Basically Lyn compares what happened in 2008-2009 to 1929 - which was a banking crisis; whereas what happened in 2020 is closer to 1940-1945 / late 1960's in terms of the FED monetizing the debt. We had inflation in the late 1940's and in the 1970s, so it's possible we'll see something similar.

https://www.lynalden.com/quantitative-easing-mmt-inflation/

1 comments

Consider a couple of things:

1) 1929 bears no resemblance to 2020. They are completely different economies, and economic factors. It’s a non-starter to compare the two time frames.

2) Inflation != hyperinflation. We can handle inflation just fine, it’s a 5% change, a 10% change, etc. Hyperinflation leads to a collapse (Venezuela, or Zimbabwe or similar). If the United States collapses, you better have stocked up on lots of beans and ammo.

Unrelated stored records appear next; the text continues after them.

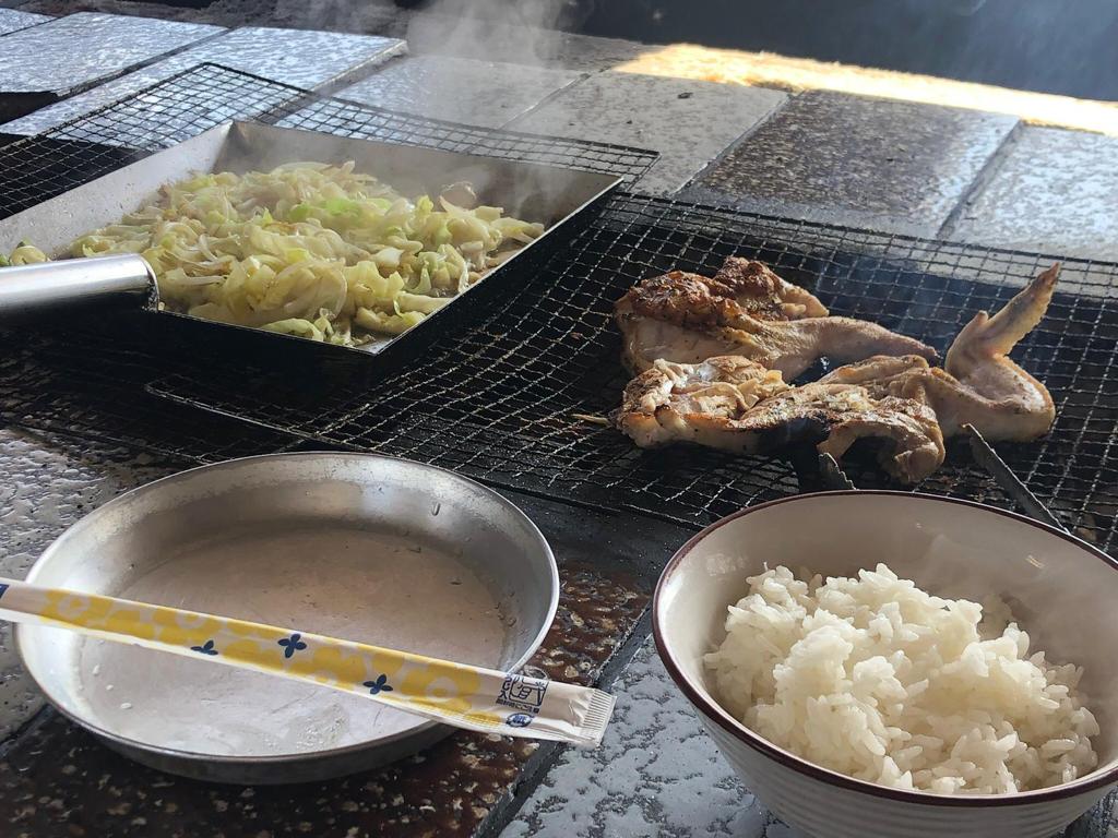 除了烤半雞之外,搭配的雞肉炒青菜也是一絕,店家會先炒好雞肉和菜,然後放把整盤放在炭爐上,即使外面是冰天雪地,菜餚仍是在最好的熱度之中,同時奉有白米飯和飲品,雖然簡單,但吃到的每一口食物,都有美味幸福的滿足感。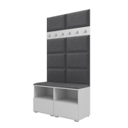 RAVIO Garderoben-Set NELA III mit Gepolstertes Paneel/Wandpaneel, Wand-Garderobe mit Zwei Schuhschränke, 100cm Flurgarderobe, Kompaktgarderobe (Weiß + Dunkelgrau (Trinity 15))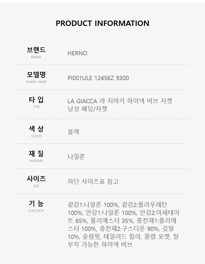 | 1. 제품 소재 (섬유의 조성 또는 혼용률을 백분율로 표시, 기능성인 경우 성적서 또는 허가서) | 상세페이지 참조 |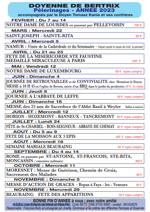 Depuis quelques années, l’ASBL LES ENFANTS DE MARIE ET PERE PIO s’occupe de l’organisation de pèlerinages pour nos fidèles.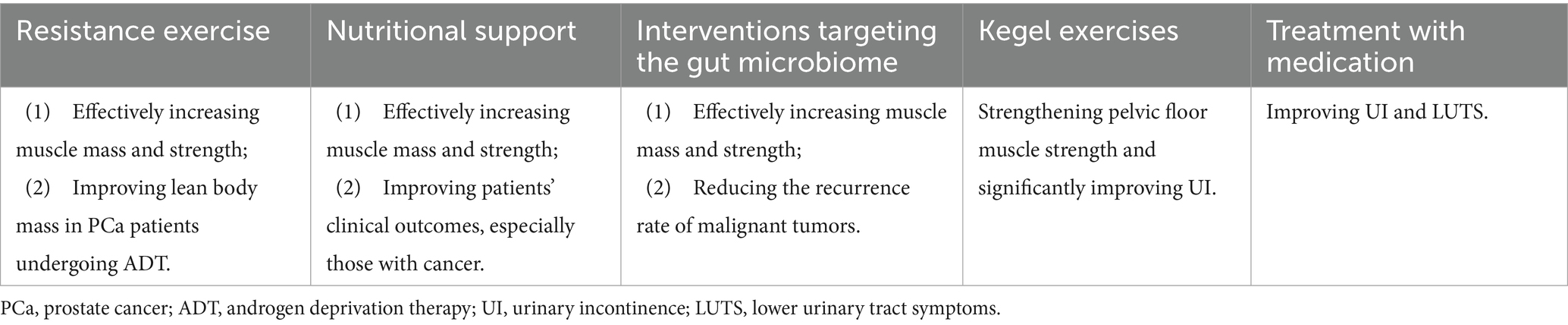 In summary, the association between sarcopenia and LUTDs is not the result of a single mechanism, but is mediated through a multidimensional pathway of pelvic floor muscle and urethral sphincter weakening, neuromuscular dysfunction, metabolic disorders, limited physical activity, genetic factors, or the gut microbiome, ranging from insufficient structural muscle support, to impaired neural signaling, to indirect effects of intestinal bacteria through inflammatory and metabolic pathways. These mechanisms not only reveal the complexity of the interaction between the two, but also identify the core targets for clinical intervention - whether it is repairing muscle function, regulating metabolic status, or improving intestinal microecology, all of them should be centered on the key links in the mechanisms. Based on the scientific support of the above mechanisms, intervention for LUTDs has become an important breakthrough to improve the symptoms and optimize the prognosis of LUTDs, and a number of intervention strategies have already demonstrated their potentials in clinical research, covering the fields of exercise training, nutritional regulation, intestinal bacterial targeting intervention, local muscle rehabilitation, and pharmacological treatment, etc. In the following section, we will systematically elaborate the specific implementation plan, effect and clinical application value of these strategies. In the following, we will systematically describe the implementation, effect and clinical value of these strategies.

3) We should really only look at historical financial crises as unique events with unique circumstances, not as comparisons. It’s like people looking at home prices now and saying “it’s all going to crash, it’s 2008 all over again!” which is a surface-level analysis that doesn’t take into account how 2007-2008 happened. 1929 - Dust Bowl. 1970s - oil embargo. Etc.

I enjoy reading Lyn’s commentary as well, but the comparisons are non-starters. There isn’t, or so far hasn’t been any predictable events that have taken place. You can’t look at history and say “this thing is the same thing as this other thing”. They just manifest differently.